Вглядываясь в прошлое, мы ищем не эскапизма, позволяющего отдохнуть в давно прошедшим, а уроков, позволяющих лучше понять настоящее и заглянуть в будущее.
Традиционные вопросы, которые эти передачи задают прошлому, звучат так:
Что было?
Что стало?
Что могло бы быть?
(Музыка)
Александр Генис: Я предлагаю начать сегодняшний выпуск с одной из самых больших трагедий того времени. 1916 года — это знаменитая битва под Верденом. Верден — символ Первой мировой войны.
Соломон Волков: Слово «Верден» в том же ряду как такие слова как Аушвиц, как Хиросима, как Холокост — это символические обозначения величайших катастроф, которые постигли человечество.

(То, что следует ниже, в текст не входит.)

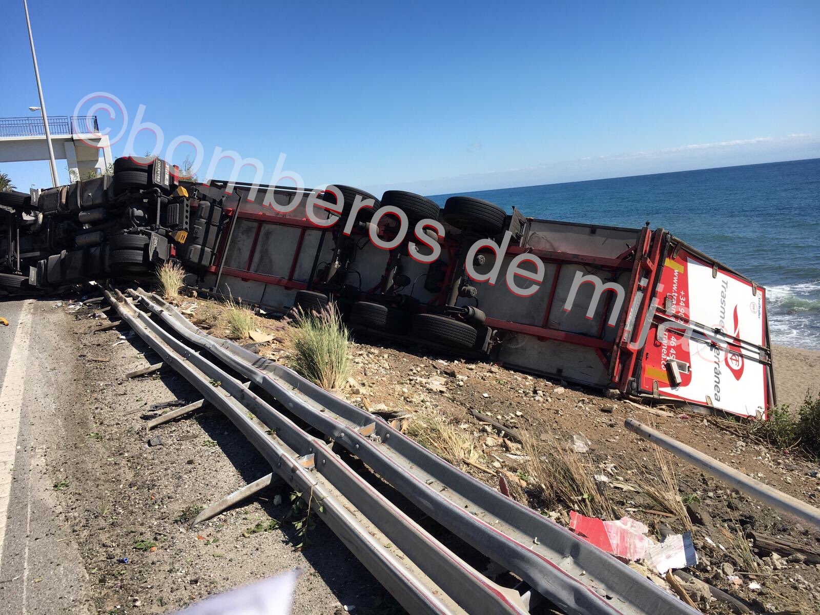 I går kørte en lastbil af vejen ved La Cala de Mijas, og lastbilchaufføreren måtte skæres fri efter at være blevet fanget i førerhuset.
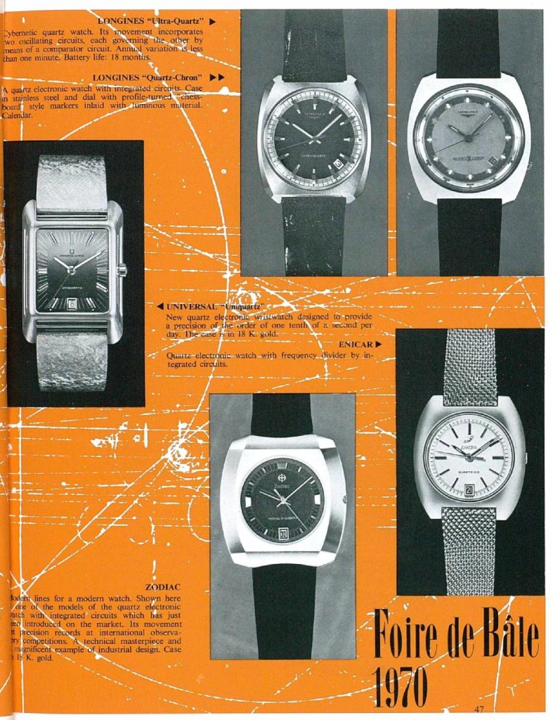 Bulova ‘Accuquartz’, Enicar ‘Quartz-O-D’, IWC ‘International’, Longines ‘Quartz-Chron’, Patek Philippe ‘Cercle d’Or’, Piaget ‘Ref.: 14101’, Rado ‘Quartz 8192’, Rolex ‘Ref.: 5100, Texano‘ and Omega ‘Electroquartz’
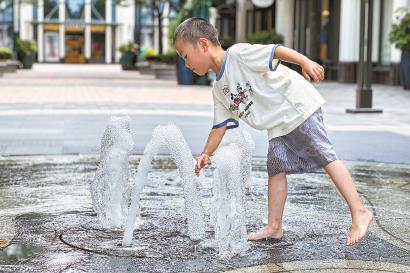 昨天上海中心城区最高温定格在36.3℃。在浦东新区,一名小朋友在玩水降温。 本报记者 赖鑫琳 摄
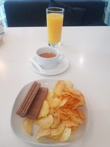 I didn’t turn the crisps down, that would have been rude. The coffee was rather bitter, but the orange juice was flavoursome. There were also some sandwiches, which weren’t particularly a taste sensation if I’m being honest.
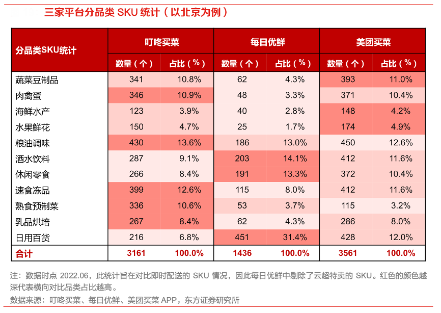 經典案例:根據叮咚買菜、每日優鮮、美團買菜APP、東方證券研究所等綜合資訊表明,在商品品類結構方面,叮咚主打自有品牌提高客單價,多速食凍品、熟食預制菜、乳品烘培品類商品,其合計 SKU 占比約為 31.6%,而美團買菜 SKU 品類結構相對均衡,傳統生鮮占比相對較高,其在戰略上維穩平衡,提高客單價更多依靠向用戶提供豐富均衡的品類選擇。
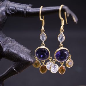 Boucles d’oreilles Kama plaqué or 3 microns et gemmes d' améthyste, de citrine et zircon.
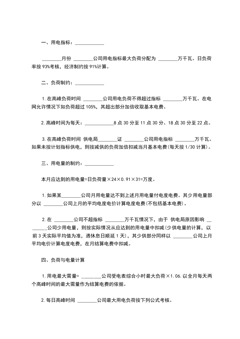 1.在高峰负荷时间 ________公司用电负荷不得超过指标 ________万千瓦。在电网允许情况下如负荷超过105%,其超出部分加倍收取基本电费。

Александр Генис: Только что, когда отмечалось столетие Верденской битвы, она началась 21 февраля 1916 года и продолжалась практически весь 1916 год, до ноября, историк Пол Янковски, написал отдельную монографию о Вердене. В ней он говорит, что самое страшное в Вердене, то, чего мы часто не понимаем — бессмысленность этого сражения. Обычно сражения в истории остаются те, которые что-то изменили, скажем, Ватерлоо.
Соломон Волков: Бородино.
Александр Генис: То есть это что-то такое, что принципиально меняет жизнь, историю.
Соломон Волков: Сражение на поле Куликовом. Но я думаю, то, что эти сражения действительно были поворотными моментами — это мифы своего рода.
Александр Генис: Об этом можно спорить, но ведь мифы тоже говорят правду. Мифы говорят о сражениях, ставших переломным: было так, а стало иначе. Возьмем, Ватерлоо. Был Наполеон, исчез Наполеон и с ним исчезла целая империя наполеоновская. А что произошло под Верденом?
Соломон Волков: А что произошло с Александром Невским на Чудовом озере? Ничего.
Александр Генис: Мы все смотрели фильм Эйзенштейна, поэтому мы это знаем.
Соломон Волков: Произошел фильм Эйзенштейна.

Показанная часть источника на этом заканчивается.